É sobre tudo isto que “No vale de Elah” se debruça de forma aterradora, numa incursão nos abismos da alma e das relações familiares, nas verdades escondidas e palavras nunca ditas. Baseando-se na história real de um soldado que foi assassinado em 2003 depois de regressar do Iraque, Paul Haggis compôs um drama de guerra visto na perspectiva de um pai atormentado (Tommy Lee Jones) que procura a verdade sobre o desaparecimento e morte do seu filho. A viagem que aí se inicia leva-o até ao coração das angústias desta América do século XXI, no frágil equilíbrio entre o respeito pelos poderes do governo federal e a enorme dúvida que emana de um conflito mal justificado junto da opinião pública e, principalmente, dos soldados na frente de combate. Como único aliado terá apenas uma agente policial (interpretação sólida de Charlize Theron), uma mulher que enfrenta diariamente as pressões misóginas dos seus colegas numa esquadra de província e que trabalha aqui no caso mais importante da sua carreira. Revelar mais sobre a história do filme seria destrutivo. A narrativa está construída de forma hábil para nos conduzir de revelação em revelação, permitindo-nos compartilhar a mudança gradual na perspectiva que o personagem central tem do seu filho e, por extensão, do seu país.

Haggis é um dos argumentistas mais respeitados de Hollywood e logo na sua primeira experiência como realizador, com ”Colisão”, conquistou o Óscar de melhor filme.

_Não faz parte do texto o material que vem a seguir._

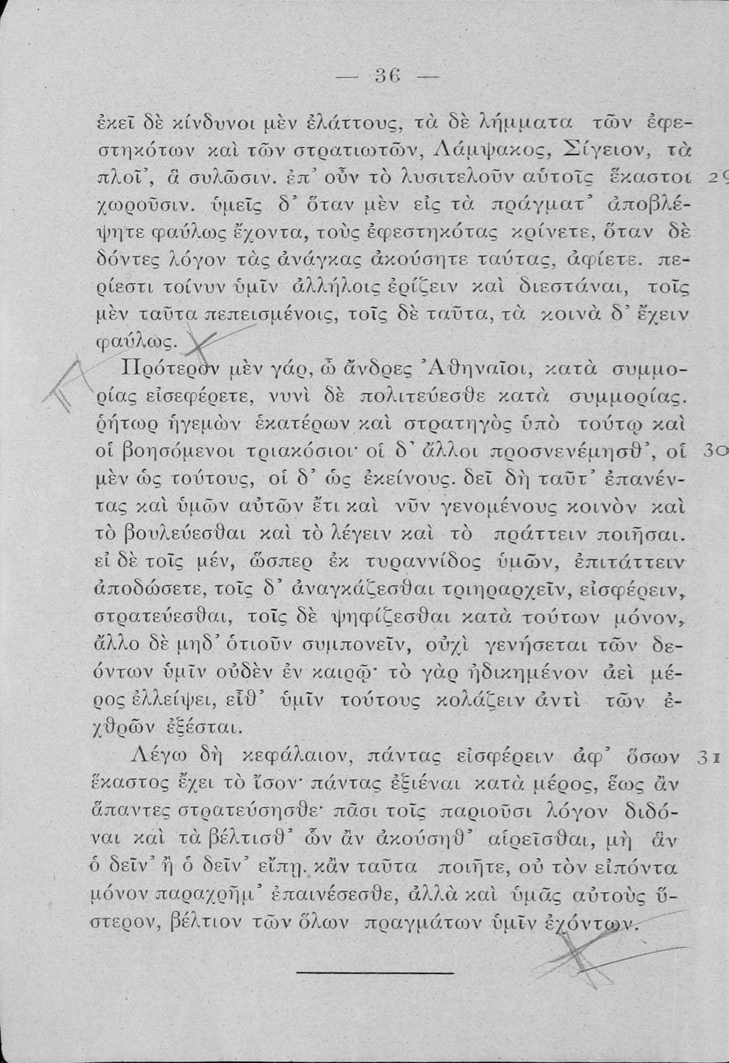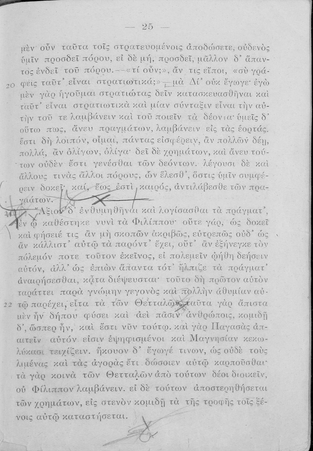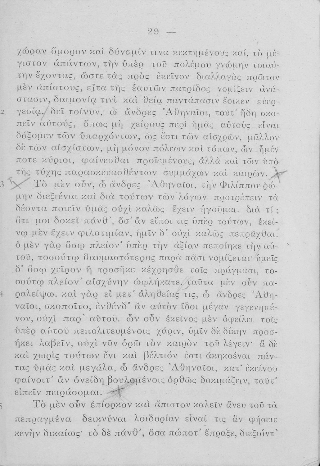 Μαθητικό βοήθημα Αρχαίων Ελληνικών της τρίτης τάξης των τετρατάξιων Γυμνασίων. Το βιβλίο περιέχει τα έργα του Δημοσθένη, Περί της ειρήνης και Α΄ Φιλιππικός από μετάφραση.

O seu talento sai confirmado neste filme, que dirige de forma confiante e eficiente, sem grandes artifícios visuais, cingindo-se sempre ao essencial do guião do qual também é autor, afirmando-se como um dos grandes pintores da paisagem psicológica e social da América contemporânea.
Tommy Lee Jones, por seu turno, confere à sua personagem uma autenticidade fenomenal, expressa em momentos chave do filme. A forma metódica como faz a sua cama de hotel, o modo acanhado como lida com uma empregada de bar de alterne ou o momento em que, ao passar perto de uma escola, chama a atenção de um salvadorenho que distraidamente içou a bandeira americana ao contrário, tudo apontando para uma personalidade retraída, controlada, fruto de uma vida militar. Idiossincrasias de um verdadeiro patriota, cuja dedicação é posta à prova quando confrontado com a rigidez burocrática dos investigadores oficiais, deparando-se com a realidade turva dos acontecimentos que rodearam a presença do seu filho no Iraque e com a mente perturbada dos membros daquele batalhão recém-regressado.
Vêm à tona as dolorosas memórias da guerra do Vietname, numa época conturbada da história dos EUA em que a sociedade nunca compreendeu o real significado dum conflito tão distante no espaço e também na forma desinteressada, repulsiva até, com que os soldados eram tratados no seu regresso. Um fantasma que ecoa nesta nova guerra, uma ferida aberta onde "No Vale de Elah" põe o dedo de forma precisa, expandindo a sua significância muito para além do género dramático ou policial (onde cumpre perfeitamente a sua função) e estabelecendo-se nessa rara categoria de filme-mensagem, politicamente comprometido com certeza, mas revelando essencialmente uma preocupação sincera com o estado da nação. Num glorioso momento final Tommy Lee Jones leva a bandeira americana desgastada que o seu filho lhe enviou do Iraque e iça-a de cabeça para baixo naquele mesmo mastro junto à escola. Como explica, isso representa um sinal internacional para pedido de auxílio em tempos difíceis. Neste maravilhoso filme é um metafórico pranto de ajuda por um país que parece já não saber cuidar dos seus filhos.